Could you display the list of measurements ? As you can see, I don't have the measure "vsphere_cluster_cpu"

If the measurement is present in your side could you please check the last entry ?

[root@centos]:~ $ influx
Connected to http://localhost:8086 version 1.8.3
InfluxDB shell version: 1.8.3
> use telegraf
Using database telegraf
> SHOW MEASUREMENTS
name: measurements
name
----
vsphere_cluster_clusterServices
vsphere_cluster_mem
vsphere_cluster_vmop
vsphere_datacenter_vmop
vsphere_datastore_disk
vsphere_host_cpu
vsphere_host_datastore
vsphere_host_disk
vsphere_host_hbr
vsphere_host_mem
vsphere_host_net
vsphere_host_power
vsphere_host_rescpu
vsphere_host_storageAdapter
vsphere_host_storagePath
vsphere_host_sys
vsphere_host_vflashModule
vsphere_vm_cpu
vsphere_vm_datastore
vsphere_vm_disk
vsphere_vm_mem
vsphere_vm_net
vsphere_vm_power
vsphere_vm_rescpu
vsphere_vm_sys
vsphere_vm_virtualDisk
jorgedlcruz commented 4 years ago

Hello, I can see the cluster_cpu without any problem, yes image

My recommendation for your case will be to edit the query and select vsphere_cluster_mem as measurement and overhead_average as value, try it and let me know

oijkn commented 4 years ago

With the new query I have the value "Cluster Summary" which is displayed on the Dashboard, thank you

image

On the other hand, I don't understand why it works for you and not for me. Looking at the Telegraf github of the vSphere plugin, the referenced metrics don't show "vsphere_cluster_cpu" at all. So I don't understand how this is possible :\

https://github.com/influxdata/telegraf/blob/master/plugins/inputs/vsphere/METRICS.md#cluster-metrics

jorgedlcruz commented 4 years ago

That example might not be complete, they say on the Readme that they gather cpu consumption as well https://github.com/influxdata/telegraf/tree/master/plugins/inputs/vsphere and as you can see I have data, it is not a problem for me to change the dashboard to look at the mem, in fact the vcenter looks at that, so changing it now.
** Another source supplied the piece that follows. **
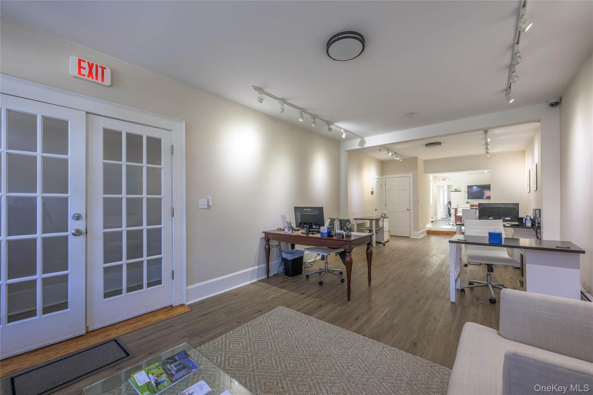 Prime Mixed-Use Property on Warren Street. This exceptional property offers the perfect blend of commercial and residential space in a sought-after Warren Street location. The ground floor features a spacious, open-plan layout, currently serving as a real estate office. A well-equipped kitchen in the rear includes commercial under-counter refrigerators and a high-end dishwasher. Situated just steps from The Maker, Le Perche, and Feast & Floret, this vibrant block is a true destination. Upstairs, a stunning two-bedroom apartment boasts soaring 10-foot ceilings. The light-filled dining room, adorned with restored Tuscan columns and dentil molding, seamlessly connects to an elegant living area. The front bedroom, accessed through classic French doors, is bathed in natural light from the north and west and offers ample closet space. A well-appointed bathroom and an efficient kitchen sit off the dining room. Towards the rear, the second bedroom features a cozy gas fireplace and opens onto a private enclosed deck, overlooking the lush garden and neighboring park. Additional highlights include a private patio garden, off-street parking, and a dry basement with abundant storage space. Meticulously maintained by a professional property management team, this move-in-ready property has been fully upgraded for modern comfort and convenience.
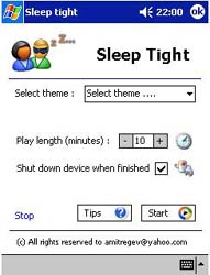 不過筆者今期介紹的一個 PDA(個人數位助理)軟體,能將一些大自然的聲音,帶到你的身旁,使你在聆聽時彷如置身在大自然景色中。軟體提供的聲音共有:River Stream、Small fire、Ocean sounds、Rain in forest、Rain and thunder等五種可選擇的聲音。若讀者有空的話,還可以自行加上另一些喜愛的聲音,只要將錄製好的聲音,放在 PDA "Program Files/Sleep Tight" 的資料夾中。當一切處理妥當,便可設定播放時間,找一個安靜地方,合起雙眼,靜靜寧聽這些大自然的聲音。或許這個時刻你可以禱告,又或許這個片刻是你沉醉入夢鄉的時間。無論如何能使你重獲精神,這種鬆弛你壓力的時刻,該是絕妙不容放過的時刻啊!

jorgedlcruz commented 4 years ago

Done, all changed in grafana.com and here, close it if you feel this is resolved.

oijkn commented 4 years ago

Done, all changed in grafana.com and here, close it if you feel this is resolved.

Yes for me all is good now, gracias quillo :)
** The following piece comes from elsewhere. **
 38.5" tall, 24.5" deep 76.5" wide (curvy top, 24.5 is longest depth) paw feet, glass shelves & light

dstewen commented 4 years ago

Similar issue here. vCenter 7 with 2 x Raspberry Pi in a HA cluster and 1 x NUC added to the datacenter as a ESXi host - not part of the HA. The vSphere Overview panel returns no data. grafana_overview

Influxdb, Grafana and Telegraf running in a docker stack.
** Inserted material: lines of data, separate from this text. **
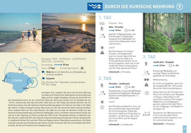 Nida - Pervalka - Juodkrantė - Smiltynė - Klaipėda Dauer: 3 Tage Routelänge: 59 km |
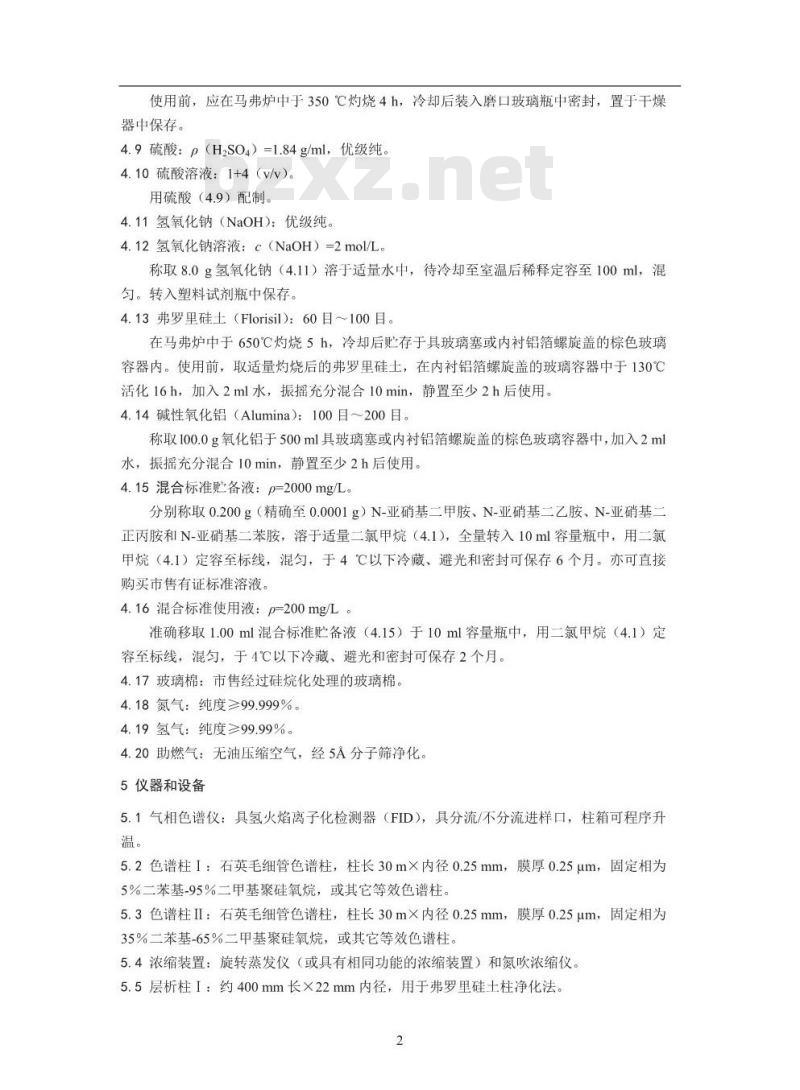4.13弗罗里硅土(Florisil):60目~100目。在马弗炉中于650℃灼烧5h,冷却后贮存于具玻璃塞或内衬铝箔螺旋盖的棕色玻璃容器内。使用前,取适量灼烧后的弗罗里硅土,在内衬铝箔螺旋盖的玻璃容器中于130℃活化16h,加入2ml水,振摇充分混合10min,静置至少2h后使用。4.14碱性氧化铝(Alumina):100目~200目。称取100.0g氧化铝于500ml具玻璃塞或内衬铝箔螺旋盖的棕色玻璃容器中,加入2ml水,振摇充分混合10min,静置至少2h后使用。4.15混合标准贮备液:p=2000mg/L。分别称取0.200g(精确至0.0001g)N-亚硝基二甲胺、N-亚硝基二乙胺、N-亚硝基二正丙胺和N-亚硝基二苯胺,溶于适量二氯甲烷(4.1),全量转入10ml容量瓶中,用二氯甲烷(4.1)定容至标线,混匀,于4℃以下冷藏、避光和密封可保存6个月。亦可直接购买市售有证标准溶液。
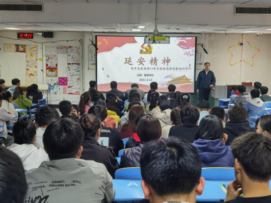 为庆祝建党100周年上好党史教育和思想政治课,3月12日下午在厚生楼201教室,谢波书记为理学院全体同学做“延安精神”党史学习教育暨“开学第一课”。
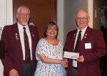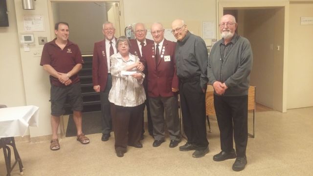 - Ladies’ auxiliary President, Lynda Laverty presents Grand Knight, Paul LeBlanc with a cheque for $1,000 to help the Knights with newly purchased items.
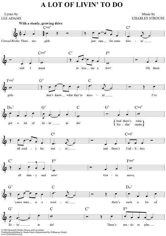 Digital Sheet Music for A Lot Of Livin' To Do by Charles Strouse, Lee Adams scored for Lead Sheet; id:441536

oijkn commented 4 years ago

@dstewen I think this dashboard is not compatible with vsphere v7...

jorgedlcruz commented 4 years ago

Similar issue here. vCenter 7 with 2 x Raspberry Pi in a HA cluster and 1 x NUC added to the datacenter as a ESXi host - not part of the HA. The vSphere Overview panel returns no data. grafana_overview

Influxdb, Grafana and Telegraf running in a docker stack.

Which telegraf version you are running? You need to be running 1.15.3 or above, I am running 1.16 for example

jorgedlcruz commented 4 years ago

@dstewen I think this dashboard is not compatible with vsphere v7...

? The Dashboard is compatible with all VMware versions that Telegraf can ingest, which are all of them as long as the SDK is exposed, but if we focus on what VMware supports today, 6.0 and above. This telegraf, AND the Dashboard supports all. Not even that, I am running the latest 7.0 Update 1: image

So, again, if that is not there, either you are using not the latest telegraf version, or the telegraf is not collecting ALL the data due to buffer size, etc. telegraf logging should help. Let me know.

jorgedlcruz commented 3 years ago

Can we close this issue? I think it was an old version of telegraf.